Beginning at the line that contains "A modern, elegant", reproduce the entries below exactly, ending with the line that contains "คำตอบที่ 7 เสาร์ที่แล้วมีโอกาสได้ไปเที่ยว". Omit each picture.

DATASET CONTENT ▸

BEGIN

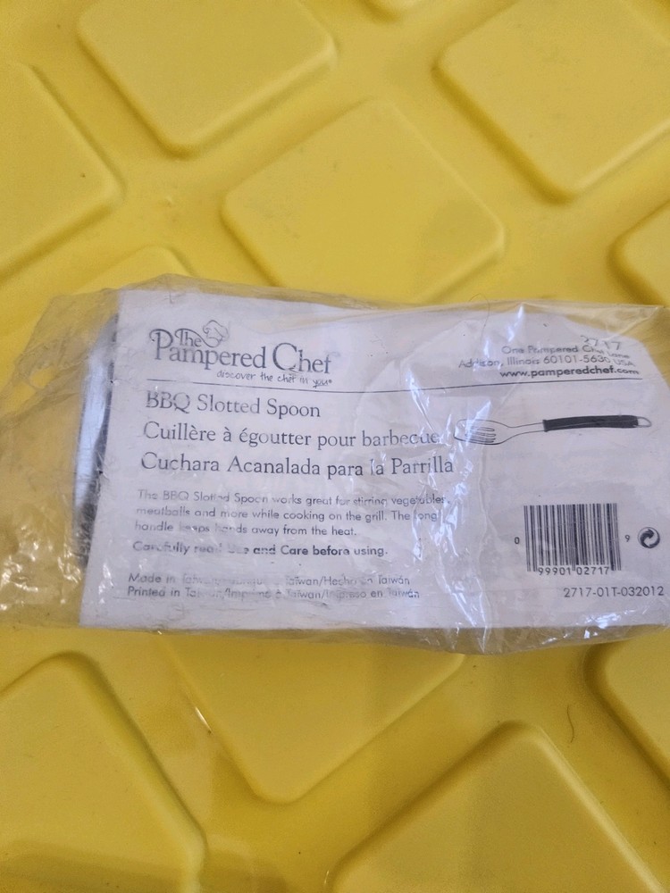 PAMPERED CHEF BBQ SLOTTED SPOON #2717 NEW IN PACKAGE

END
BEGIN

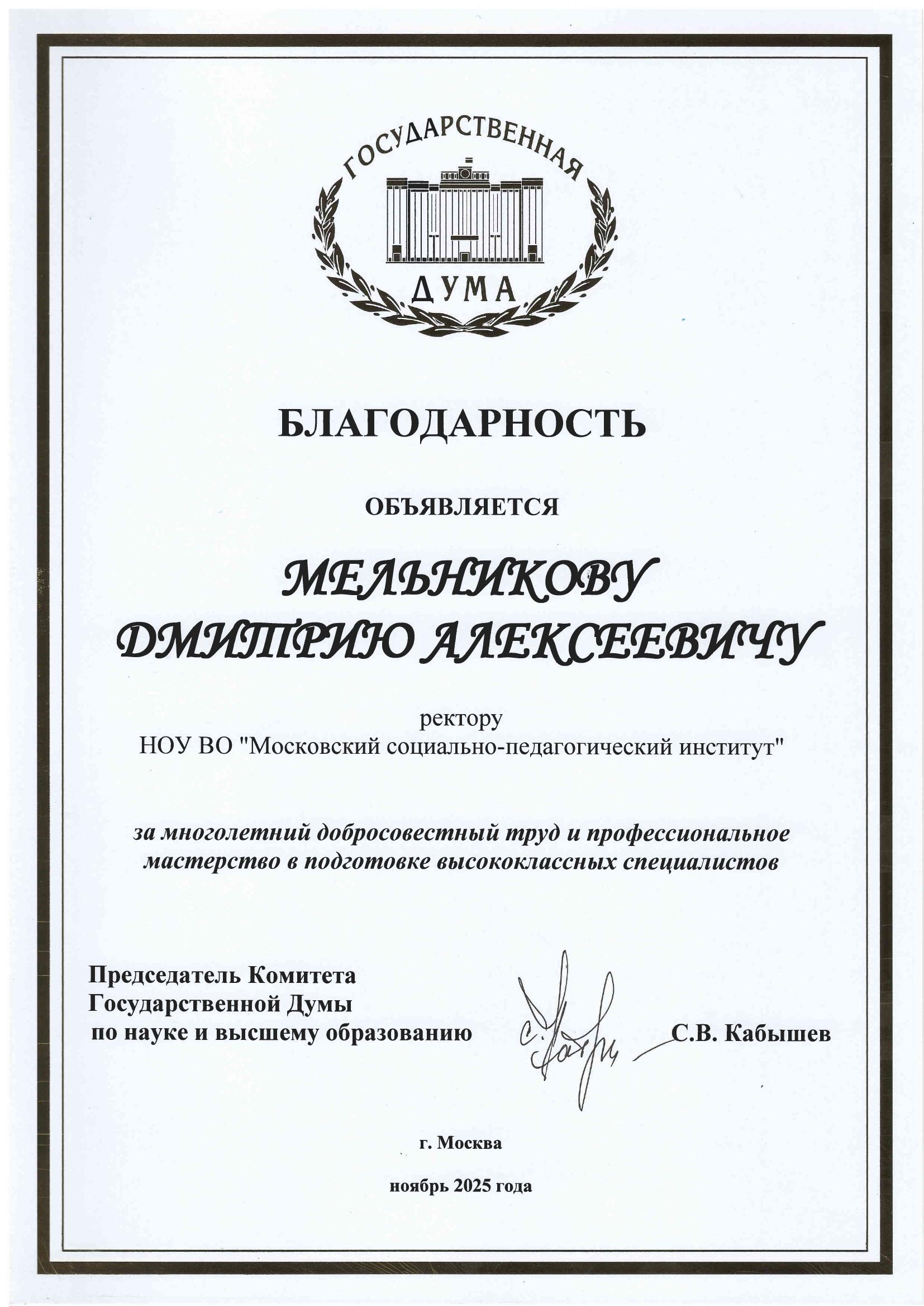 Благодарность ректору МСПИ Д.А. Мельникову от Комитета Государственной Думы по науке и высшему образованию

END
BEGIN

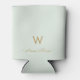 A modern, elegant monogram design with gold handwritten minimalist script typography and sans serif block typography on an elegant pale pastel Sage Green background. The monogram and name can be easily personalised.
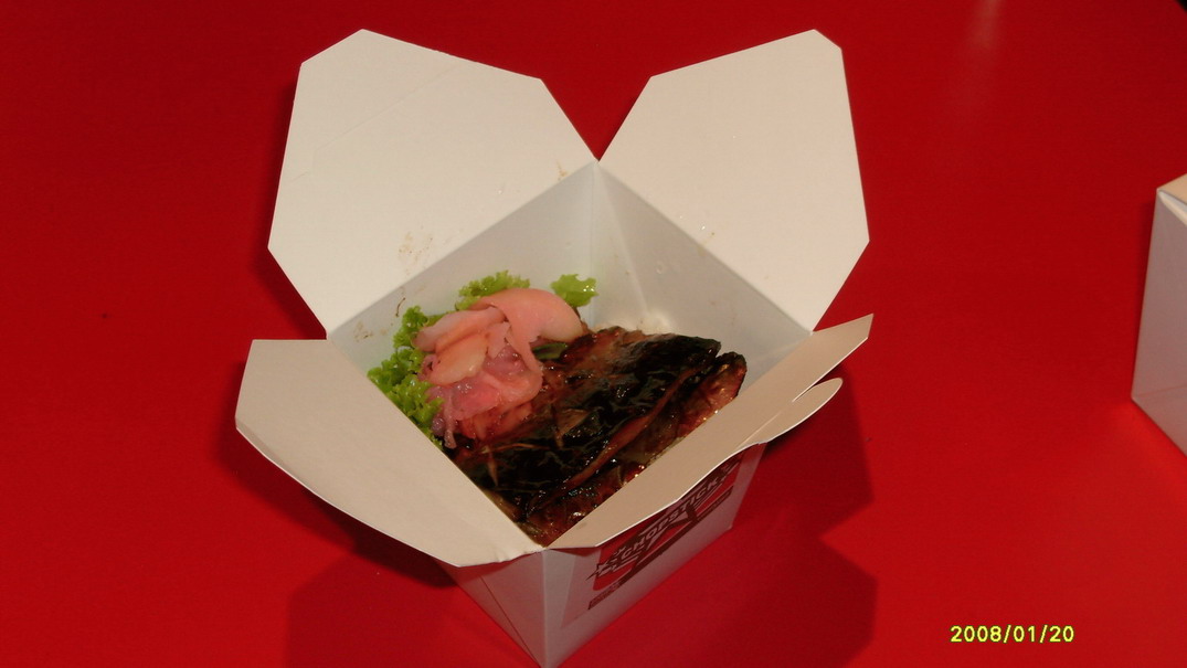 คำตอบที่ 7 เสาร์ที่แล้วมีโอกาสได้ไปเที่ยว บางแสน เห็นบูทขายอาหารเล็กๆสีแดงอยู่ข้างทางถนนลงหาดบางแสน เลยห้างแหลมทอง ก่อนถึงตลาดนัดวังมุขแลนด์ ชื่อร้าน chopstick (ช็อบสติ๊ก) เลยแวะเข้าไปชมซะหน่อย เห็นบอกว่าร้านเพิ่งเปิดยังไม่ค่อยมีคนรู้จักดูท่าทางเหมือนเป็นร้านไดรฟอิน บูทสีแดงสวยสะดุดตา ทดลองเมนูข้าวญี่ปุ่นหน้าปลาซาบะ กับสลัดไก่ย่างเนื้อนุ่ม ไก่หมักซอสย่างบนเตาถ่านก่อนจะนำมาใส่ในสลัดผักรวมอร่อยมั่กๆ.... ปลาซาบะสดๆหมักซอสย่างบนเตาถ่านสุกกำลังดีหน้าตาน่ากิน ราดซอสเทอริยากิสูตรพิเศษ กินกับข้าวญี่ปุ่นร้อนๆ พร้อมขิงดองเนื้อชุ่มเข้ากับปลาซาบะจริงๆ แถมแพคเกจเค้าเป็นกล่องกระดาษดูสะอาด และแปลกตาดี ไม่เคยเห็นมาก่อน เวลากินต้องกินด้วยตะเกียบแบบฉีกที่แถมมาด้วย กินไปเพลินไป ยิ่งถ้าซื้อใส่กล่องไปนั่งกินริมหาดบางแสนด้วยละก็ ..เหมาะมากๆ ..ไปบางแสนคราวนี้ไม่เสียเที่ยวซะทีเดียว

END

REPLY ▸
 A modern, elegant monogram design with gold handwritten minimalist script typography and sans serif block typography on an elegant pale pastel Sage Green background. The monogram and name can be easily personalised.
 คำตอบที่ 7 เสาร์ที่แล้วมีโอกาสได้ไปเที่ยว บางแสน เห็นบูทขายอาหารเล็กๆสีแดงอยู่ข้างทางถนนลงหาดบางแสน เลยห้างแหลมทอง ก่อนถึงตลาดนัดวังมุขแลนด์ ชื่อร้าน chopstick (ช็อบสติ๊ก) เลยแวะเข้าไปชมซะหน่อย เห็นบอกว่าร้านเพิ่งเปิดยังไม่ค่อยมีคนรู้จักดูท่าทางเหมือนเป็นร้านไดรฟอิน บูทสีแดงสวยสะดุดตา ทดลองเมนูข้าวญี่ปุ่นหน้าปลาซาบะ กับสลัดไก่ย่างเนื้อนุ่ม ไก่หมักซอสย่างบนเตาถ่านก่อนจะนำมาใส่ในสลัดผักรวมอร่อยมั่กๆ.... ปลาซาบะสดๆหมักซอสย่างบนเตาถ่านสุกกำลังดีหน้าตาน่ากิน ราดซอสเทอริยากิสูตรพิเศษ กินกับข้าวญี่ปุ่นร้อนๆ พร้อมขิงดองเนื้อชุ่มเข้ากับปลาซาบะจริงๆ แถมแพคเกจเค้าเป็นกล่องกระดาษดูสะอาด และแปลกตาดี ไม่เคยเห็นมาก่อน เวลากินต้องกินด้วยตะเกียบแบบฉีกที่แถมมาด้วย กินไปเพลินไป ยิ่งถ้าซื้อใส่กล่องไปนั่งกินริมหาดบางแสนด้วยละก็ ..เหมาะมากๆ ..ไปบางแสนคราวนี้ไม่เสียเที่ยวซะทีเดียว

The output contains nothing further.